Our approach to bridge the gap and to enable smart, underwater sensor networks is based on devising resource-efficient on-device machine learning algorithms for automated data analysis and event detection. Building on algorithms for embedded machine learning, the project will develop networks of intelligent and interconnected underwater sensor devices that collaboratively monitor the environment, detect events and send out early warnings. Via gateway communication buoys at the sea surface or cabled connections, we allow data transfer from the submarine environment to onshore. This enables devising a cloud-based digital twin, which will constantly monitor the system for concept drift and using online-learning, will fine-tune our machine learning models during deployment. Our envisioned approach enables AI-driven event detection and system characterization in distributed sensor networks, offering significant potential for seafloor-based monitoring and early warning systems for submarine environmental and geological hazards, as well as monitoring sub-seafloor operations. 

Qualification

Required:

  • a Master’s degree (or equivalent) in Computer Science or a related field by the beginning of the project with a focus on Networked, Distributed and/or Embedded Systems.
  • knowledge in Data Science and Artificial Intelligence is a requirement
  • fluently in spoken and written English
  • experience in software development in C/C++, Python, or related programming languages

Desired:

  • interest or experience in one or more of the fields of (marine) geoscience and electronic engineering
  • willingness to participate in coastal and sea-going expeditions

At a workplace, directly on the Kiel Fjord with many leisure and recreational opportunities, we offer you:

  • Good conditions for work-life balance: We offer, among other things, the possibility of mobile working and individual working time arrangements, vacation courses for the children of our employees, and good support in finding a place in a daycare center at the Kiel site
  • Support services for professional and personal life situations
  • An exciting work environment with the opportunity to provide important impetus for the development of sustainable solutions
  • Exciting topics in an international environment
  • Work in the field of marine and climate research, a forward-looking area with social significance
  • 30 vacation days + additional time off at Christmas Eve and New Year's Eve
  • Company pension plan and capital-forming benefits

The position is available for a funding period of three years. The salary depends on qualification and could be up to the class 13 TVöD-Bund of the German tariff for public employees. This is a full-time position. The position can not be split. The fixed-term contract shall comply with Section 2 Paragraph 1 of The Act of Academic Fixed-Term Contract (German WissZeitVG).

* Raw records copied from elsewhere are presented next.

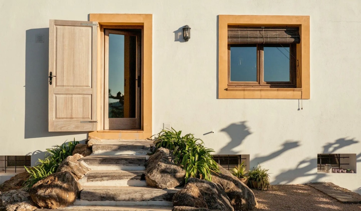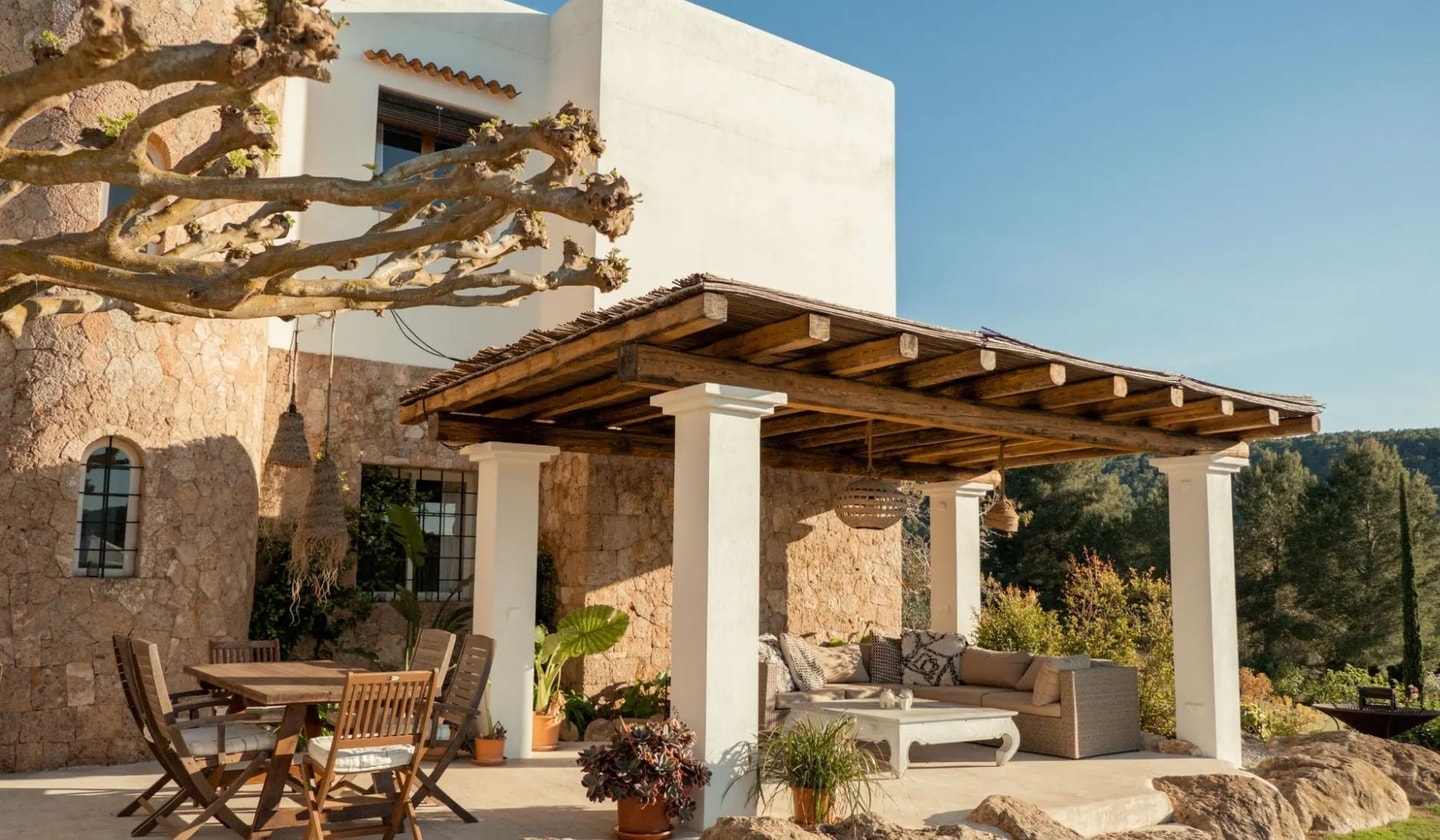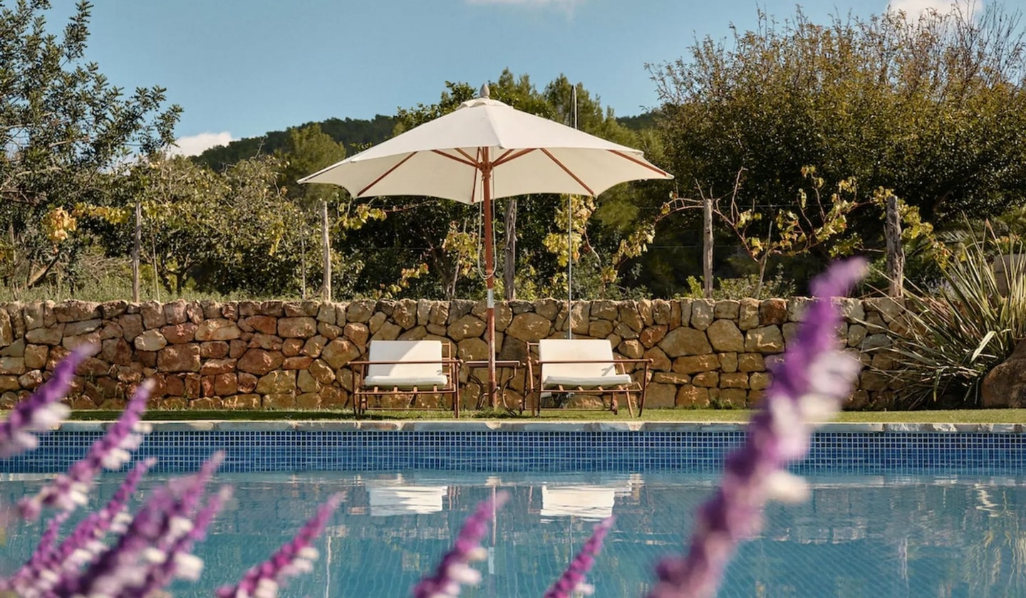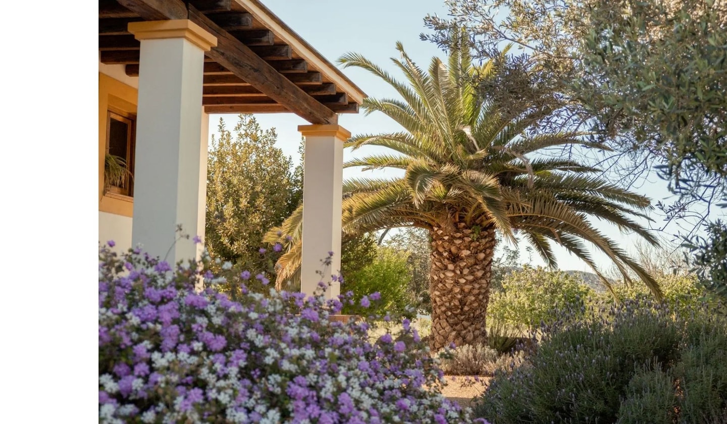 Between Santa Gertrudis and Sant Mateu, this five-bedroom finca sits amongst fruit fields and olive groves. Traditional Spanish character meets modern comfort in the Ibizan countryside.
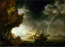 His earlier works show a similarity to the tonal phase of Dutch landscape painting. Later paintings reflect the stronger colours of Italianate classicism.[1] This shift follows the general change in artistic style at the time.[6] Dramatic shipwrecks with dark billowy clouds form a significant part of his oeuvre, as do serene ports and "portraits" of ships.[1][6][8]
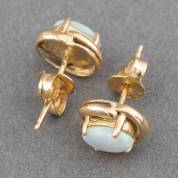 Paar 18kt gouden oorstekers gezet met ovaal cabochongeslepen opaal, brutogewicht 1,8 gram, 0,8 cm
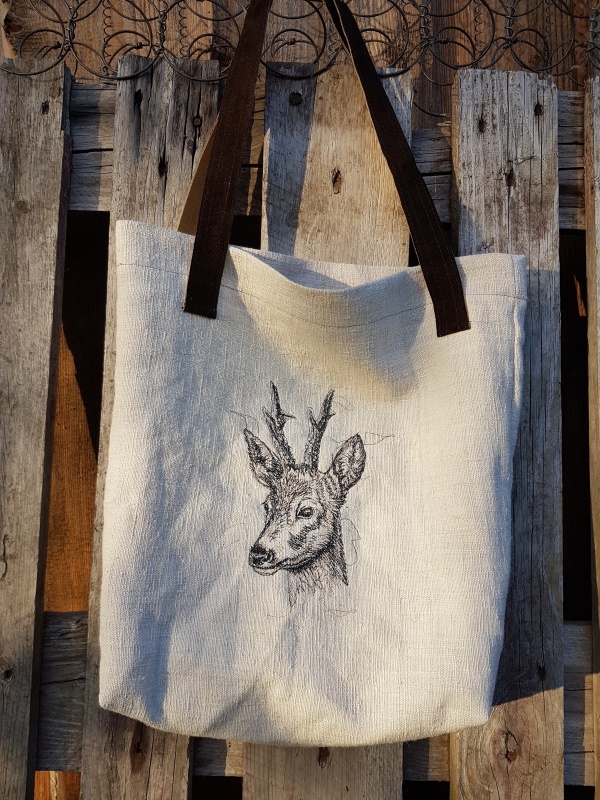 Umhängetasche bestickt mit einem Rehbock.
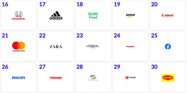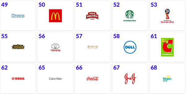 Danh sách hơn 100 thương hiệu hàng đầu Việt Nam năm 2021 theo số liệu của Campaign Asia-Pacific và Nielsen bao gồm:
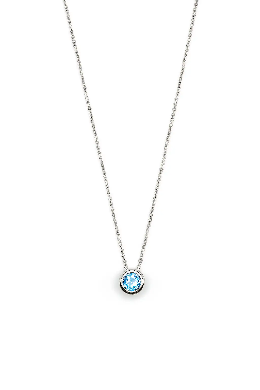 Round Blue Topaz, Bezel set crafted of 14K White Gold. TCW: 1.0
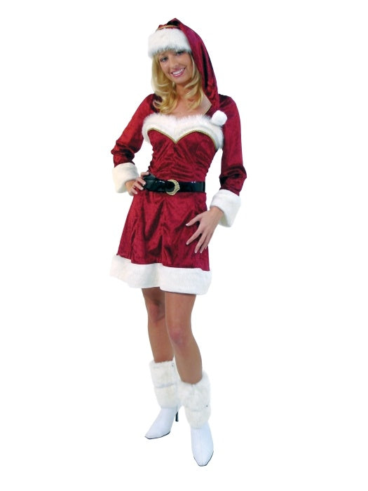 elegantes Weihnachtskleid mit Mütze und Gürtel Größe: 36/38

GEOMAR Helmholtz Centre for Ocean Research Kiel seeks to increase the proportion of female scientists and explicitly encourages qualified female academics to apply. GEOMAR is an equal opportunity employer and encourages scientists with disabilities to apply. Qualified disabled applicants will receive preference in the application process.

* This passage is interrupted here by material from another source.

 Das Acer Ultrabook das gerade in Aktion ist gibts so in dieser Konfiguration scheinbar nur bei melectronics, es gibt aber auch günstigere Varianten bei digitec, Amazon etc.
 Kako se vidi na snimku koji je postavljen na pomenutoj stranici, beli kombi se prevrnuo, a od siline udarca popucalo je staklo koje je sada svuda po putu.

Please send your application for this post not later than October 2nd, 2024 under the following link:

Online application

As soon as the selection procedure has finished, all your application data will be removed according to data protection regulation.

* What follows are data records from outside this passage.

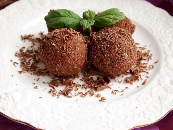5. Через 20 минут, натереть шоколад (20 гр.) на мелкой терке и обвалять в нем нашу “колбаску” и шарики.
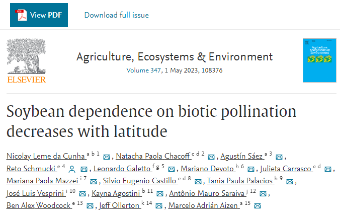 Artículo científico: Soybean dependence on biotic pollination decreases with latitudePor cravero / 2 junio, 2023 Artículo completo en : https://doi.org/10.1016/j.agee.2023.108376
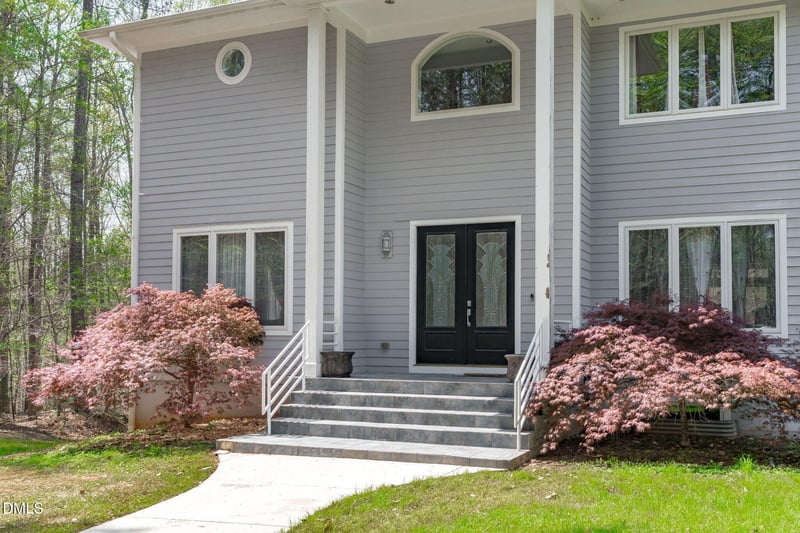 Listing details for 8607 Yorkshire Ln, Chapel Hill, NC 27516 : Set gracefully beyond a long private driveway to a circular drive, this private estate unfolds across 5.52 serene acres, offering a rare blend of architectural presence and refined livability. Thoughtfully designed for both grand entertaining and everyday comfort, the residence features 6 bedrooms and 6 full baths, each space curated with a sense of balance, scale, and understated luxury. At the heart of the home, an expansive open-concept layout invites an easy flow between living, dining, and gathering spaces. The chef's kitchen is both functional and beautiful--anchored by generous workspace, elevated finishes, and seamless connectivity to the main living areas, creating an ideal setting for hosting or quiet evenings at home. Dual dishwashers, a built in refrigerator and spacious pantry. Prep island and double ovens. Gorgeous custom cabinetry. French doors extends the living experience outdoors to a huge deck, where views of the surrounding landscape provide a tranquil backdrop for al fresco dining and year-round enjoyment. The fully finished lower level offers exceptional versatility, designed to adapt to your unique needs. Whether envisioned as a multi generational space, private home office, creative studio, recreation lounge, or all of the above, this expansive space is complemented by abundant storage and the flexibility to evolve with your lifestyle. Completing the property is a three-car garage and the rare advantage of county taxes, all within the highly regarded Chapel Hill-Carrboro school district--delivering both prestige and practicality in one exceptional offering.
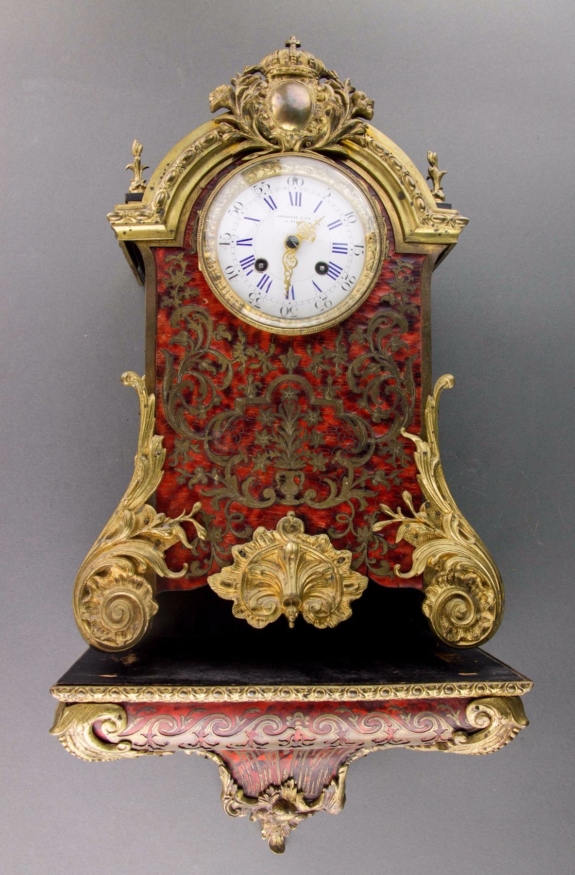 French Jarossay and Cie Loui XIV style wall clock; with Rococo style gilt carving of flower decoration; "JAROSSAY & CIE A PARIS" mark on clock face; 19th century; in working condition with adjust keys; H: 40 cm, W: 29 cm, 6 kg

For further information regarding the position and research unit please contact Dr. Jens Karstens (jkarstens(at)geomar.de) or Prof. Dr. Olaf Landisiedel (ol(at)informatik.uni-kiel.de).

We will answer all your questions if you send us an e-mail to bewerbung(at)geomar.de. In doing so, please refer to the keyword “MarDATA – Smart Networks”.

For further information on GEOMAR Helmholtz Centre for Ocean Research Kiel or the Helmholtz Association, please visit www.geomar.de or www.helmholtz.de.

GEOMAR is committed to an objective and non-discriminatory personnel selection. Our job advertisements address all people. We expressly renounce the submission of application photos.